Ricordo ancora, oserei dire con una certa stima e referente affetto, il professore di greco al liceo classico. Devo a lui “la folgorazione sulla via di Damasco” se d’istinto presi la decisione di divenire insegnante. Ed è una scelta di cui certo non mi pento, anche se ho dovuto faticare a realizzarla per tutta una serie di circostanze esterne (la fama in negativo che s’è rinnovata inesausta e menzognera nell’anniversario del 12 dicembre), ma a me basta pensare ad un carattere inquieto ed irrequieto.
Basta leggere a ritroso i miei libri – dal recentissimo Stile ribelle alla raccolta di poesie dal titolo emblematico (Nietzsche docet!) Inattuale, ad esempio – per fotografare il tipo umano dedito all’insofferenza… Dicevo del professor Morelli e delle sue affascinanti e coinvolgenti lezioni sulla nascita della tragedia ove spazio e tempo si dilatavano e raccoglievano come in magico caleidoscopio immagini emozioni idee le più distanti in apparenza. Ed io, sedicenne con i capelli ostili al pettine e occhiali dalla montatura spessa, fantasticavo con gli eroi cari alla mia adolescenza e l’incontro tra lo spirito dionisiaco ebbro e danzante con lo spirito apollineo dedito alle belle forme. Intanto Morelli ci teneva a ricordare il valore del suo maestro, il grecista e latinista, rettore poi dell’università di Bologna, Goffredo Coppola.

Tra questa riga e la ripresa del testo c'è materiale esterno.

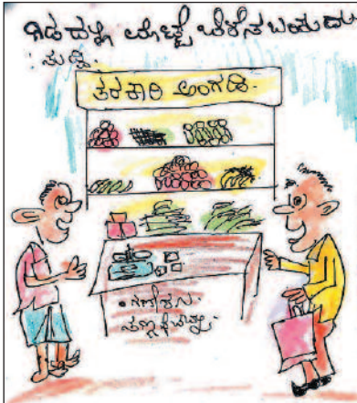
ಬಂದು ಕೇಜಿ ಮೊಟ್ಟೆಗೆ ಬೆಲೆ ಎಷ್ಟು ಸ್ವಾಮಿ?
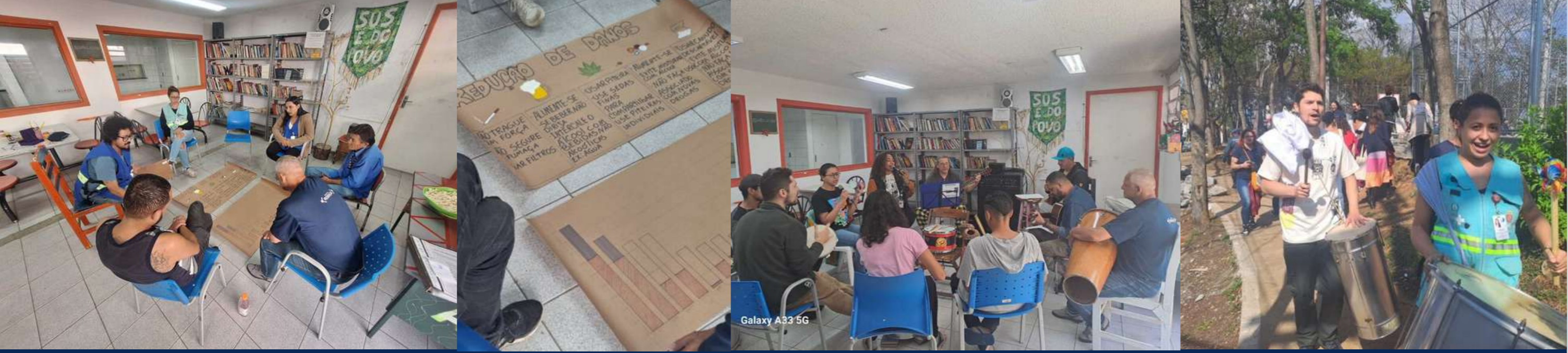
Oficina de redução de danos
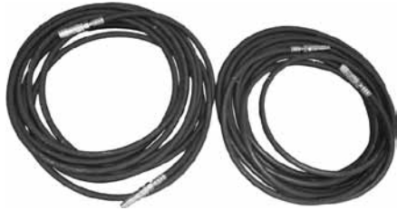
Hydraulikschlauchsatz (15 m)
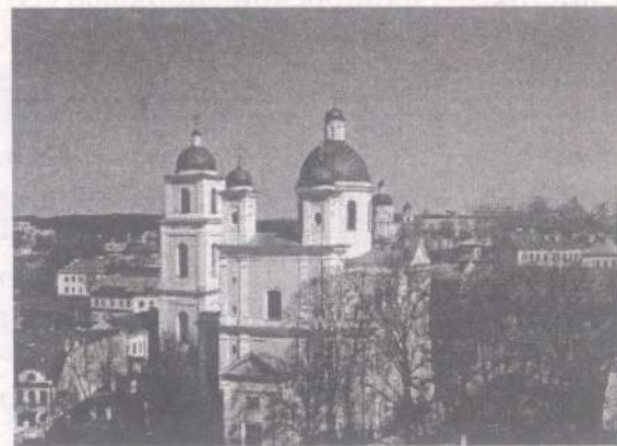
Свято-Духов монастырь, г. Вильнюс

Его память по новому стилю отмечается 17 декабря (4 декабря ст. ст.)
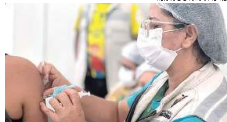
Jovem sendo vacinada por agente de saúde
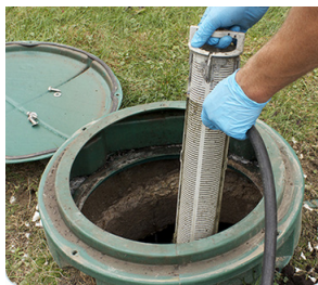
Figure 4 : Nettoyage du préfiltre

Lorsque la fosse septique comporte un préfiltre, celui-ci devrait être nettoyé au moins deux fois par année. Le colmatage du préfiltre est une cause fréquente de refoulement des eaux usées. Le préfiltre est accessible via le 2 e couvercle de la fosse et doit être retiré pour être rincé.
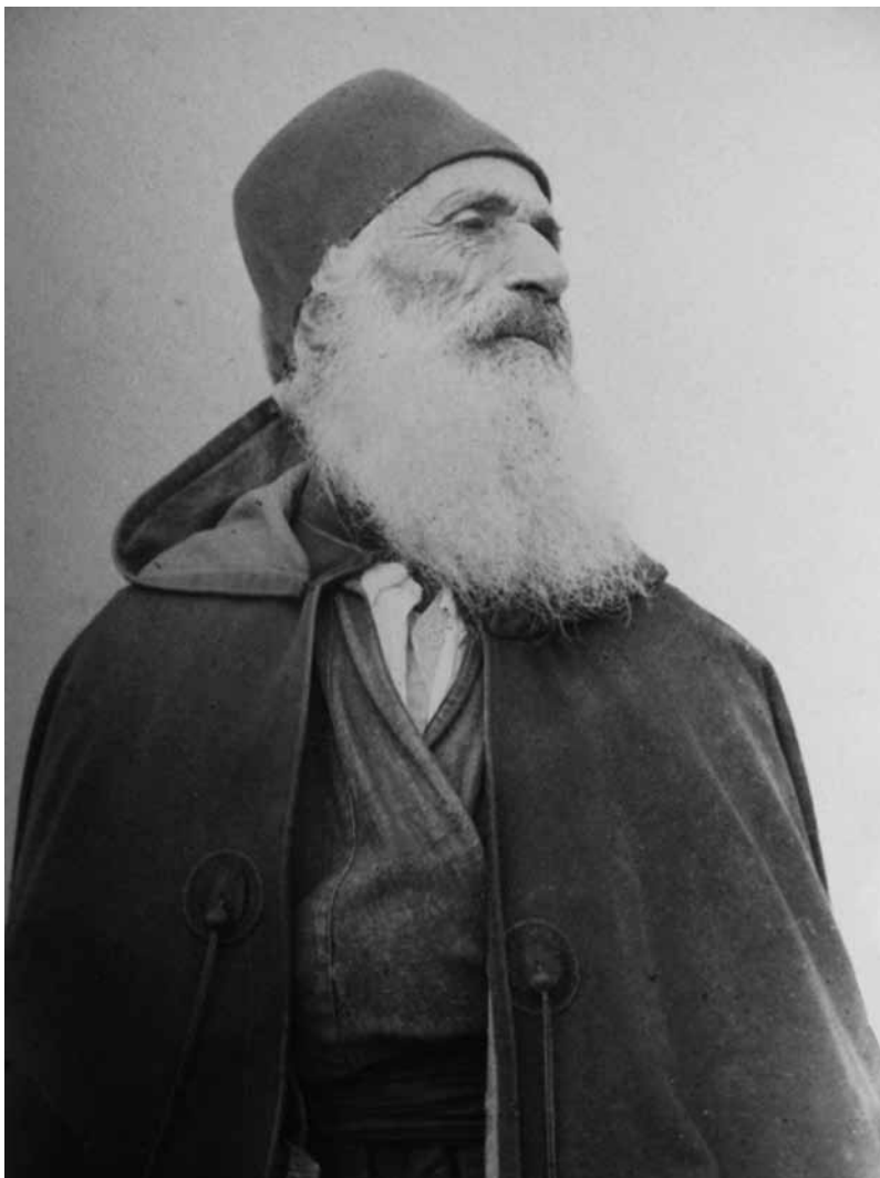
Fig. 3. Portret Greka z Lindos

krakowskich zdjęć z Rodos jest około 60 26 . Są to fotografie Rodos, Lindos, Archangelos, Petrony i Messary. Przynajmniej w części są one dziełem F. von Luschana. Wśród owych 60 zdjęć są pojedyncze fotografie mieszkańców wyspy Rodos (Fig. 3) 27 . Ich wykonanie związane było, przynajmniej w poważnej części, z antropologicznymi studiami dr. F. von Luschana. Wśród fotografii

Quel Goffredo Coppola, piccolo e minuto, primo della lista che Walter Audisio aveva stilato su un foglietto dei quindici fedelissimi del Duce da fucilare lungo la spalletta del lago di Como dopo essersi vantato d’aver eseguito la condanna a morte del Duce e di Claretta Petacci (oggi sappiamo che fu una delle tante “patacche” rifilate ad arte in quei giorni feroci e terribili). In Rappresentazioni in nero gli ho dedicato il capitolo da me curato in quell’antologia di figure esemplari, come il pittore Mario Sironi o il filosofo Ugo Spirito, o meno conosciute come lo squadrista e poi scrittore Marcello Gallian e appunto Goffredo Coppola. Qui voglio solo ricordare l’immagine di serenità che diede di sé, nell’approssimarsi di un destino ineludibile e crudele, a coloro che lo videro e conversarono con lui negli ultimi mesi e giorni della Repubblica. Così annota Giorgio Pini e lo stesso fa Bruno Spampanato.
Sono certo che rispondeva ad un intimo sentire e radicato convincimento, da stoico, quel prendere le distanze da un mondo orrido che già pregustava la vittoria, anche essa “patacca” coriacea e ostinata, e, al contempo, fedele a un mondo che andava sì frantumandosi ma non per questo era meno degno e gli era meno caro. Una lezione di vita; una lezione di stile. Un ulteriore conferma come, oltre e contro la storia, c’è qualcosa che permane, a cui affidare, noi pochi e fortunati, lo stare sulla prima linea di una trincea ideale – faccia al sole e in culo al mondo.